Blood Test Might Predict Worsening of MS

KEY TAKEAWAYS:

  • The progression of multiple sclerosis is particularly difficult to predict, varying widely between patients

  • A new blood test uses a biomarker of nerve cell damage to accurately predict progression over the next two years

  • If the test proves valid, it might help patients and their doctor plan optimal treatments, the researchers said

MONDAY, Nov. 13, 2023 (HealthDay News) -- One issue hampering the care of people with multiple sclerosis is assessing just how quickly the neurological illness might progress.

Now, a team at the University of California, San Francisco (UCSF), say they've spotted at test that could help do just that.

Blood tests showing elevated levels of Nfl, a "biomarker" indicating nerve damage, seemed to predict with high accuracy a worsening of MS symptoms over the next two years, the researchers found.

That could help patients and their physicians with treatment planning, said a team led by Dr.

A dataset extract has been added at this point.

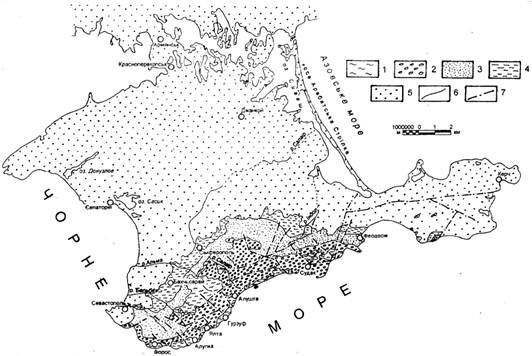 Рис. 2.1 Схематическая геологическая карта Крымского полуострова: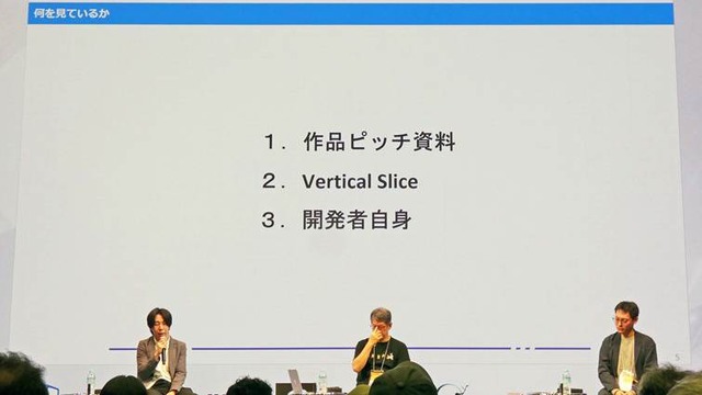 それでは実際に、どのような資料をもとに検討がされるのか?目を通す資料は「作品ピッチ資料」と「Vertical Slice」。さらに「開発者自身」も対象です。

Ahmed Abdelhak, of the UCSF Department of Neurology and the Weill Institute for Neurosciences.

“This rising of NfL up to two years before signs of disability worsening represents the window when interventions may prevent worsening,” Abdelhak explained in a UCSF news release.

An MS patient's level of disability is typically measured by what's known as the Expanded Disability Status Scale. In the study, Abdelhak's group used the scale to track how quickly symptoms progressed among individuals in a cohort of almost 1,900 patients with MS. Patients were tracked for about 10 years.

The findings highlighted the unpredictability of MS progression. Among the cohort, 570 patients showed a steady worsening of symptoms, while the disease remained relatively stable over the 10-year period.

Blood tests targeting Nfl seemed to predict whose disease would or wouldn't progress.

"Elevated NfL levels were associated with up to a 91% higher risk of worsening disability, with relapse approximately a year later, and up to a 49% higher risk of worsening disability without relapse nearly two years later," the researchers said.

The study was published Nov. 6 in the journal JAMA Neurology.

The study "aligns with recognition that death of nerve cells is a slow process that builds toward permanent disability and means that interventions to protect nerve cells might have time to also stop disability," said study co-senior author Dr. Ari Green, medical director of the UCSF Multiple Sclerosis and Neuroinflammation Center.

More information

Find out more about multiple sclerosis at the National MS Society.

SOURCE: UCSF news release, Nov. 6, 2023

WHAT THIS MEANS FOR YOU:

People with multiple sclerosis may be able to take a blood test that can predict how fast their illness progresses, opening new insights into best treatments.